*** Provided data Section Begins ***
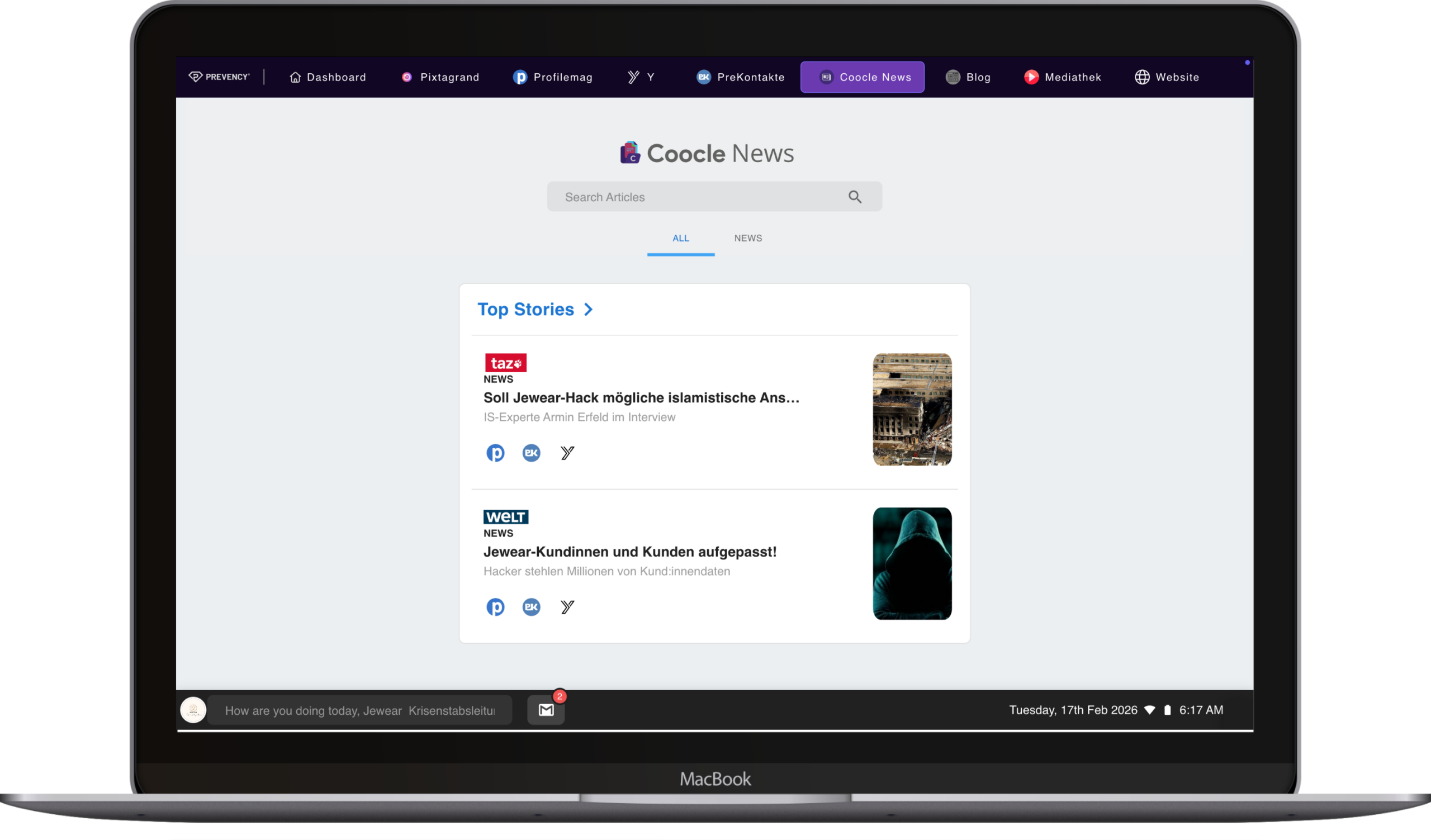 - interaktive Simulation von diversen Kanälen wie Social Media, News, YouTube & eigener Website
*** Provided data Section Ends ***
*** Provided data Section Begins ***
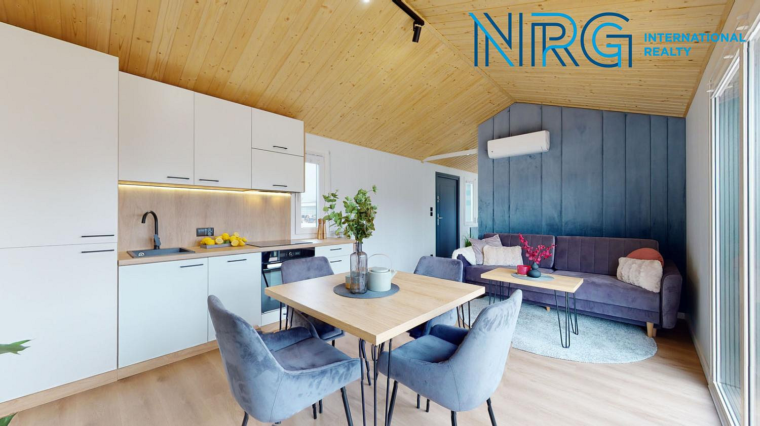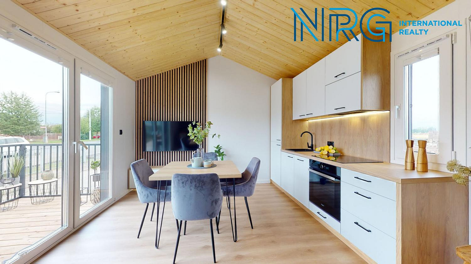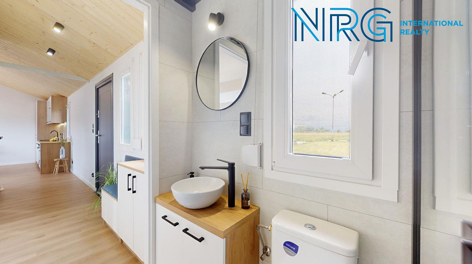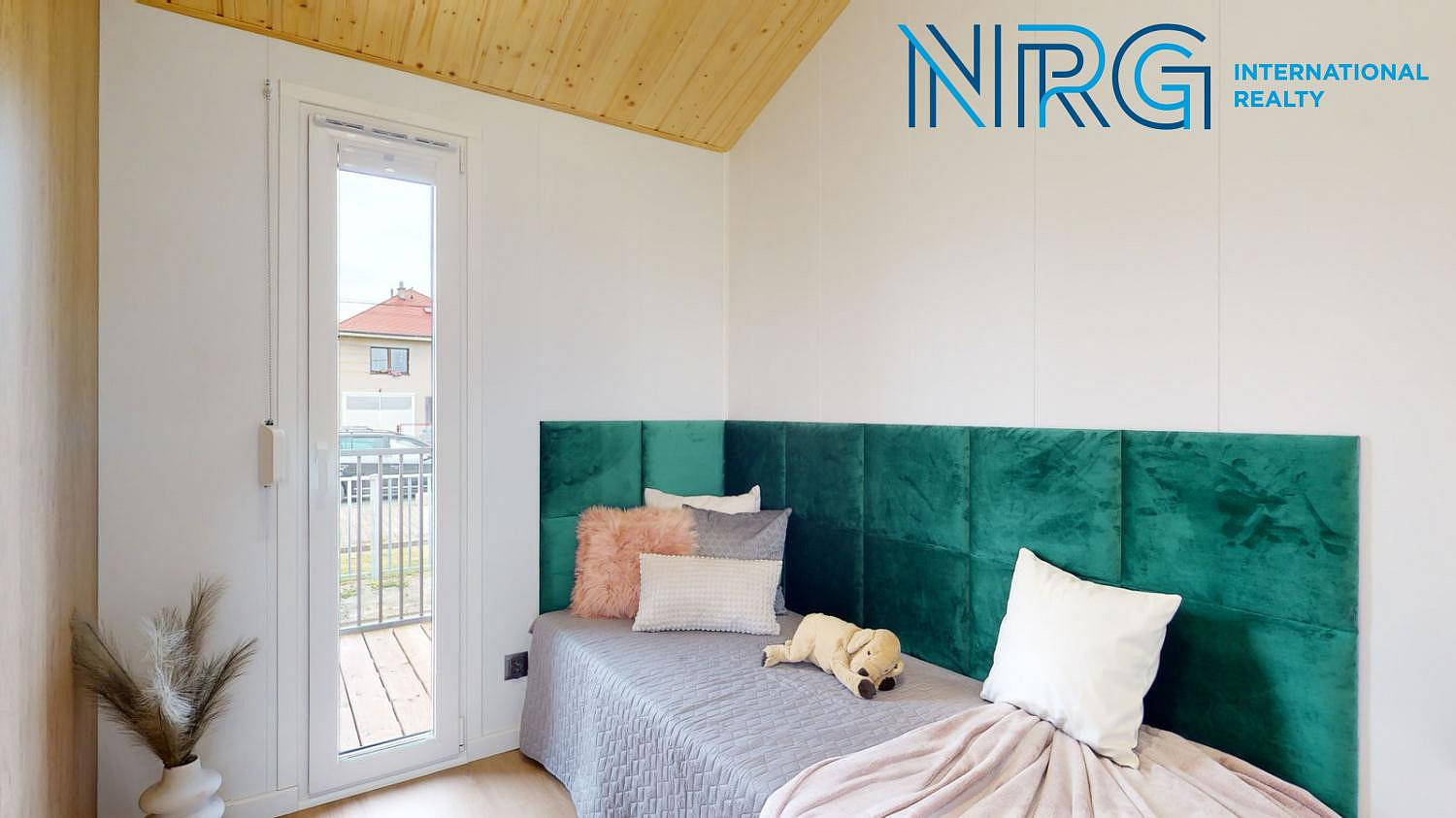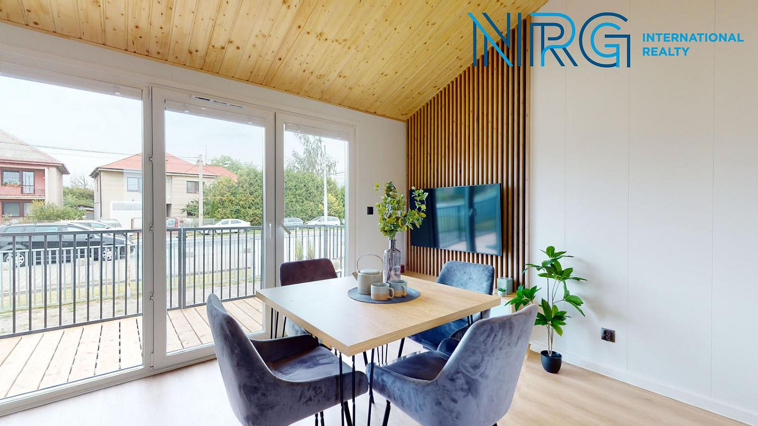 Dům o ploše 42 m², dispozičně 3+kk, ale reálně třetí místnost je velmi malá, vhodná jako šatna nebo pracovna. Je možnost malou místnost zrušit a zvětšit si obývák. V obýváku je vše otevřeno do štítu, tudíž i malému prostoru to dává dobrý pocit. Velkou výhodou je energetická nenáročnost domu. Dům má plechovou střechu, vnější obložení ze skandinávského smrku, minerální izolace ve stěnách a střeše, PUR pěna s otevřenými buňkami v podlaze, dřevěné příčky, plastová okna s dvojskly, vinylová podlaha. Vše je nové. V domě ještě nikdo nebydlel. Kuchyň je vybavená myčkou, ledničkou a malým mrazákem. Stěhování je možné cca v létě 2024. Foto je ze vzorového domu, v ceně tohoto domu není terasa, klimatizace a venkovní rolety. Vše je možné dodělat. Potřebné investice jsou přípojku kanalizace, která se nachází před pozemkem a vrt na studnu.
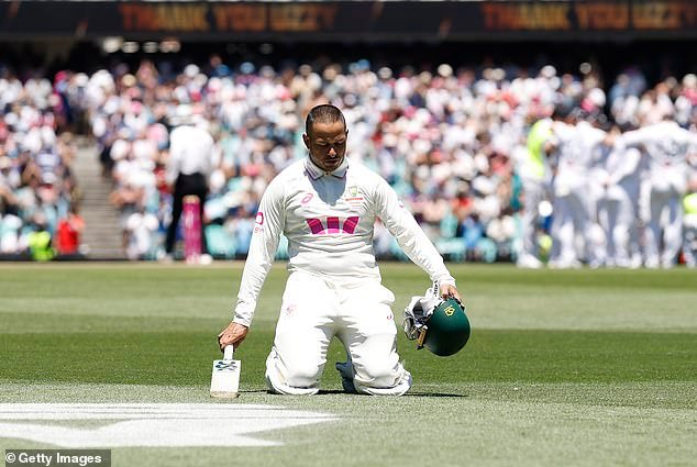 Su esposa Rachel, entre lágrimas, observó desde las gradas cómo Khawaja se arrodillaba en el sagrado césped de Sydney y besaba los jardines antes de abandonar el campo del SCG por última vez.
*** Provided data Section Ends ***
*** Provided data Section Begins ***
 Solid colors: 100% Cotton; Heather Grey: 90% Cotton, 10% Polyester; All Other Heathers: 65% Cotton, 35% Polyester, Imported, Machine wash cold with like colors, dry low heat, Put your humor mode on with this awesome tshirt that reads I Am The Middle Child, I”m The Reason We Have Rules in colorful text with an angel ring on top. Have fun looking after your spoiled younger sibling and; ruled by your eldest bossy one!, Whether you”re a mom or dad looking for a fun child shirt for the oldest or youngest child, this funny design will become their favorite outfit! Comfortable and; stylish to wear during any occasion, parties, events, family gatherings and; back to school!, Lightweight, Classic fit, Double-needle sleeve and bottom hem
*** Provided data Section Ends ***
_What the task asks_.
Would you set down only the lines above from the line with "Dům o ploše" to the line with "Su esposa Rachel, entre", both included, exactly as they stand and without the pictures?

_Exercise response_.
 Dům o ploše 42 m², dispozičně 3+kk, ale reálně třetí místnost je velmi malá, vhodná jako šatna nebo pracovna. Je možnost malou místnost zrušit a zvětšit si obývák. V obýváku je vše otevřeno do štítu, tudíž i malému prostoru to dává dobrý pocit. Velkou výhodou je energetická nenáročnost domu. Dům má plechovou střechu, vnější obložení ze skandinávského smrku, minerální izolace ve stěnách a střeše, PUR pěna s otevřenými buňkami v podlaze, dřevěné příčky, plastová okna s dvojskly, vinylová podlaha. Vše je nové. V domě ještě nikdo nebydlel. Kuchyň je vybavená myčkou, ledničkou a malým mrazákem. Stěhování je možné cca v létě 2024. Foto je ze vzorového domu, v ceně tohoto domu není terasa, klimatizace a venkovní rolety. Vše je možné dodělat. Potřebné investice jsou přípojku kanalizace, která se nachází před pozemkem a vrt na studnu.
 Su esposa Rachel, entre lágrimas, observó desde las gradas cómo Khawaja se arrodillaba en el sagrado césped de Sydney y besaba los jardines antes de abandonar el campo del SCG por última vez.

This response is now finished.